Retargeter Blog

Getting Started with Retargeting: A Crash Course for Startups


For startups that are just getting started with paid marketing, retargeting is often an attractive prospect. It’s a high-ROI tool that can help you look bigger than you are online, compete with established players in your space, and increase your conversion rates.

If you’re thinking about getting started with a retargeting campaign, here’s an overview of factors you should consider:

Choosing a Retargeting Platform

For a startup with a smaller advertising spend, you may largely be limited by your budget. There’s no shortage of retargeting providers, but many are full or managed solution providers with minimum spend requirements. (ReTargeter is one of those full-service providers and our minimum is $500/month.)

If your budget is small, I recommend getting started with Google remarketing. If that’s the right fit for you and your budget, here’s a great overview of Google’s remarking options.

The one significant downside to running with Google is that Google is only a small portion of the display-serving web. Though its display network is one of the largest, it only makes up around a fifth of the inventory ReTargeter has access to (check out a more extensive breakdown here). This point is crucial because with retargeting, you want to be able to reach your bounced traffic anywhere they go. As your marketing budget grows, you’ll probably want to leave Google remarketing behind.

Tips, Tricks, and Mistakes to Watch Out For

As powerful as retargeting is, campaigns don’t run themselves. You need to follow best practices in order to get the most out of your campaigns.

Make sure you have clearly defined goals so you can determine whether the campaign is working for you or not. If you don’t know what you’re hoping to accomplish, you’ll have no way of determining whether you get there.

Optimize your banner ads. Ad creative is hugely important for retargeting and bad creative kills campaigns. Secondly, make sure your landing pages are well-aligned with your ads.

Always use a frequency cap, which is to say, limit the number of ads each user sees. There are diminishing returns to increasing the number ads served and at a certain point, increasing your ad volume actually decreases ROI because it overwhelms your users.

And if your first campaign doesn’t work well, don’t give up on retargeting right away. Retargeting works, so if it isn’t working for you it’s likely that the cause is something fixable. For a more robust look at retargeting do’s and don’t, check out our roundup of common mistakes and their fixes: 7 Deadly Sins of Retargeting.

Measuring Success

Most retargeting providers will offer analytics, but make sure you’re tracking metrics that matter. It’s easy to get caught up with clicks, because it seems like such a clear indicator of campaign performance, but at the end of the day clicks rarely correlate to revenue earned and are not a good indicator of success.

Many providers will track view-through conversions for up to 30 days (that is to say, if someone converts 30 days after seeing an ad, but never clicks, they’ll be counted as a conversion.) At ReTargeter, we recommend 24-hour windows. Here‘s more on why.

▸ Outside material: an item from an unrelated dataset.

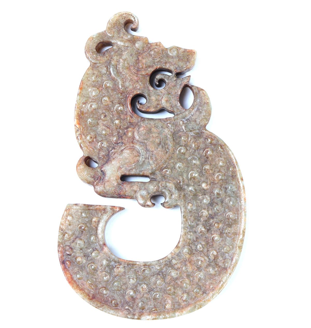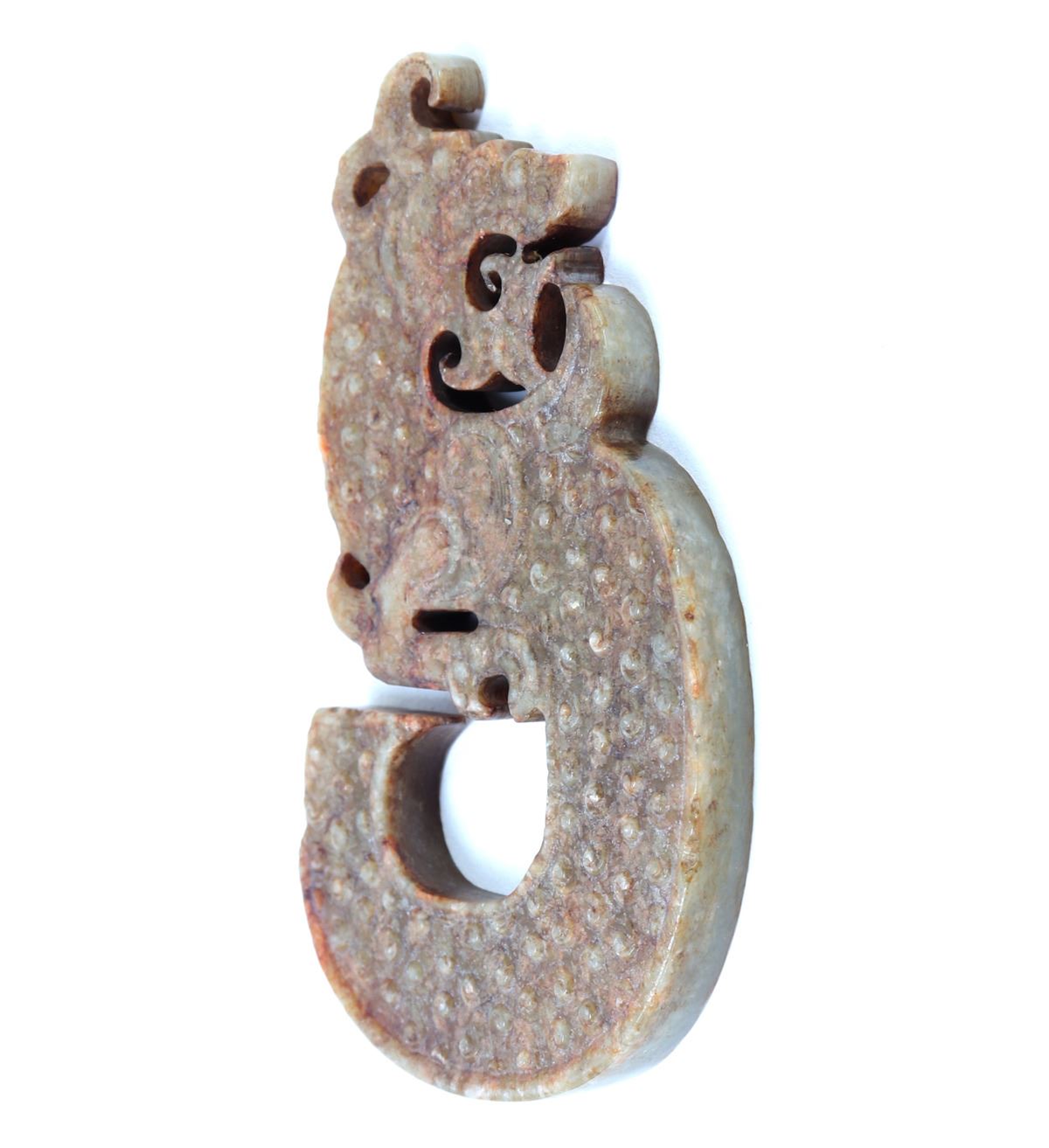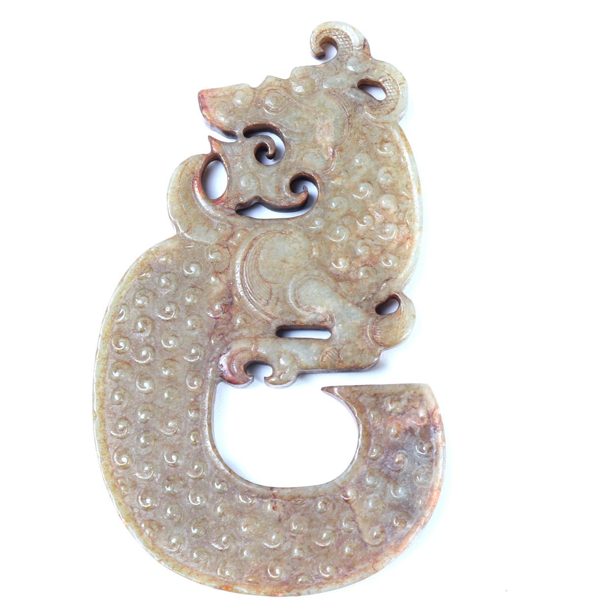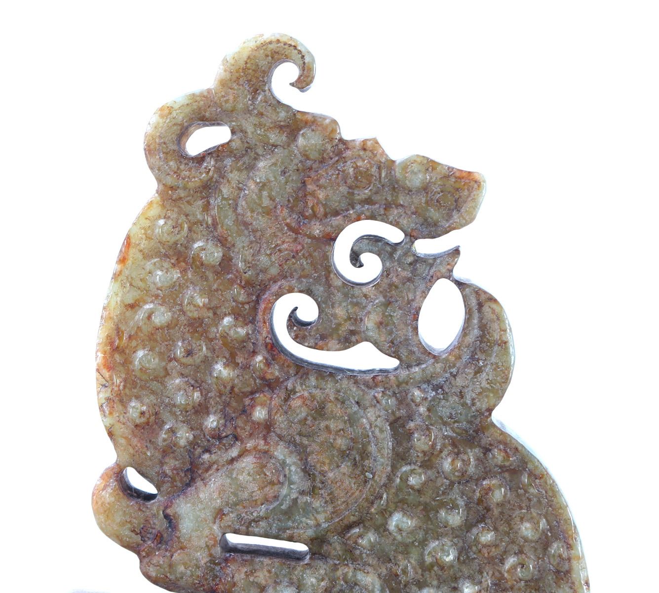 Chinese archaistic jade style plaque depicting a dragon or foo lion with head turned behind him with an elongated tail style curl beneath. Size 4 3/8" H, weight 100 g. Condition: Good overall condition with no obvious signs of restoration or repair.

If makes sense for your business, ask your provider about revenue tracking so you know how much money each retargeting conversion drives. If a conversion for you is a lead, make sure you have a strong sense of what a lead is worth to you in dollars so you can positively determine whether or not you’re ROI-positive.


Retargeting is a powerful tool for both enterprise companies and startups alike. No matter what your budget, getting started can help you get more out of your existing initiatives, break into bigger markets, and drive more conversions.


Leave a Comment


  • A very valuable test to run is to do an A/B test on the retargeting campaign: Show your ad to 50% of the users, and a blank or PSA ad to the other 50%. Then calculate the additional lift produced by your actual ad vs the placebo.

    I did a writeup on my results here:

    Is this something the retargeter offers to it’s customers? If not, it should — in fact, I strongly believe that you should require any new advertisers to run this test. I think it will work out with positive results for the both of you, as the customer will have confidence in the value of the VTCs and will be able to intelligently ratchet up his spend.

  • You mention that the minimum price offered for Retargeter campaign is $500; however, your website states it as $1,500/month. Do you still offer the $500 option?